Over at Writing Matters, Leslie O’Flahavan cites five on-line style guides to support the proposition that “using ‘and/or’ in a sentence is just plain dumb.”
I wouldn’t go so far as to call it “plain dumb.” I do try to avoid it myself, because there are better ways to express the same idea. Logically, the disjunctive includes the conjunctive, so or has the same meaning as and/or. If you’re dealing with an illogical situation where or means one or the other, but not both, then write “A or B, but not both.” If you want to make it crystal clear that your situation conforms to normal logic, write “A or B, or both.” See Garner’s Modern American Usage 45 (Oxford 2003).

This hybrid term has been referred to as “that befuddling, nameless thing, that Janus-faced monstrosity, neither word nor phrase, the child of a brain of someone too lazy or too dull to express his precise meaning, or too dull to know what he did mean.”

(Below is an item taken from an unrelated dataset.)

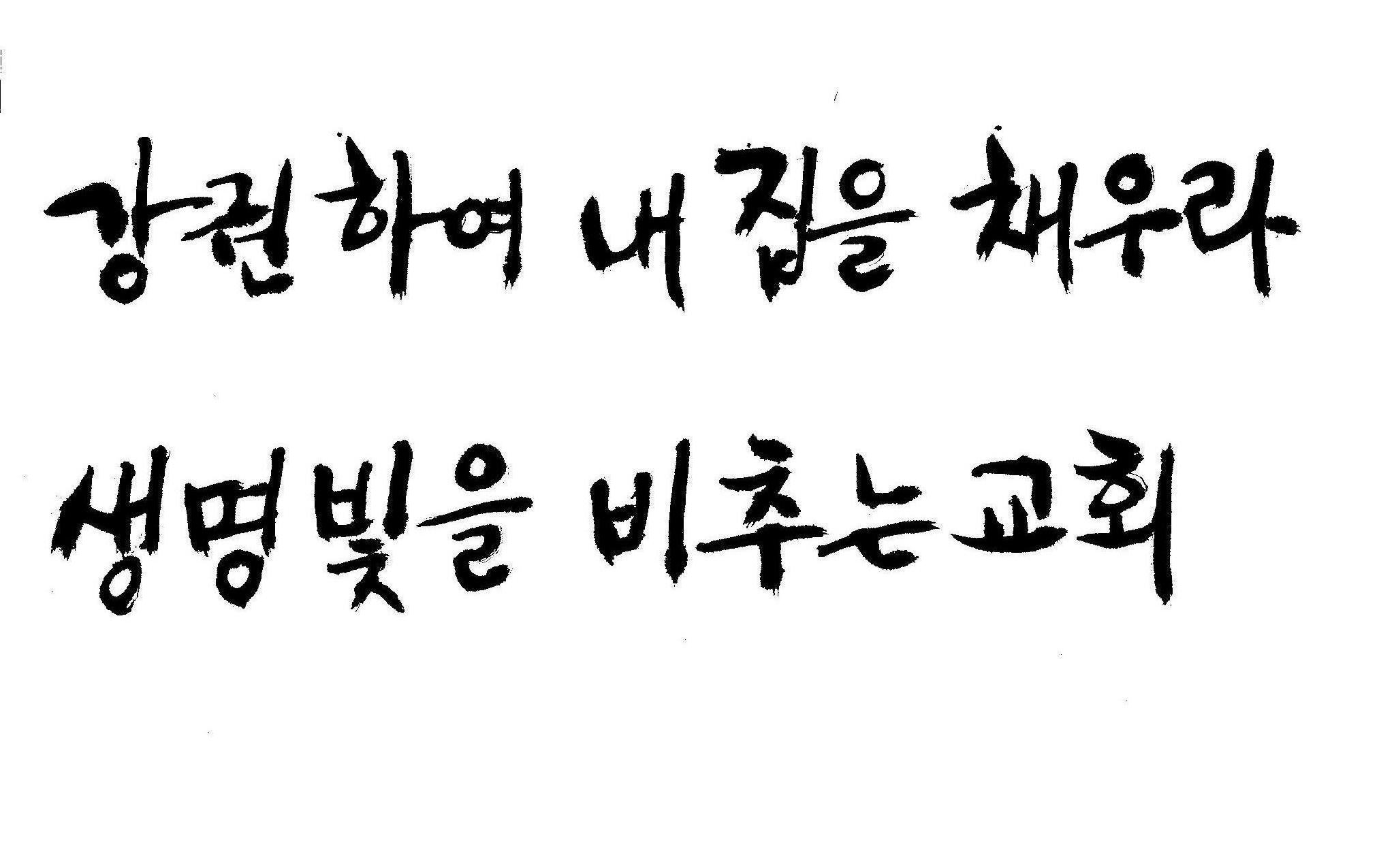 캘리 좀 부탁드립니다.^^ 감사합니다. 김철호 일반 0 8018 2009.01.06 22:42 > > > > > 교회에서 사용할 표어 제목입니다. > > > > 2009 강권하여 내 집을 채우라! > > 2009 생명 빛을 비추는 교회 > > > > 예쁘게 부탁드려요! 새해 복 많이 받으세요!! ^^ > > > "2009"는 2쪽에 이소영씨 캘리요청에 올려 놓은것을 쓰세요 > " 생명빛을"인데 "생명의 빛"이라고 했는데 편집하세요 먹 번짐이 있는 획은 약간 수정하면 좋을것 같네요..>

--Bryan A Garner, A Dictionary of Modern Legal Usage
Posted by: Rao H D | 31 January 2010 at 05:43 AM
Okay, you've given me the solution to the conundrum I asked about on your other blog: what if you have no confidence the reader will construe the disjunctive to include the conjunctive too. From now on, it's "A, B, or both" for me. (And isn't that an even more concise way to do it?)
Posted by: peter | 02 February 2010 at 10:26 AM
Does the English "or" include conjunction, like the "or" of mathematical logic? Linguist Geoffrey K. Pullum agrees with your affirmative answer. I think the question is itself interesting, although it has only slight practical significance, and I disagree with you and Pullum in "The best that can be said for ‘and/or’: It isn't necessarily stupid." (http://tinyurl.com/yb6nh4b)
Posted by: Stephen R. Diamond | 05 February 2010 at 06:22 PM
I agree with Peter. Part of being a good writer is interpreting ways in which your reader might misunderstand you. You can't assume that your reader is a logic whiz.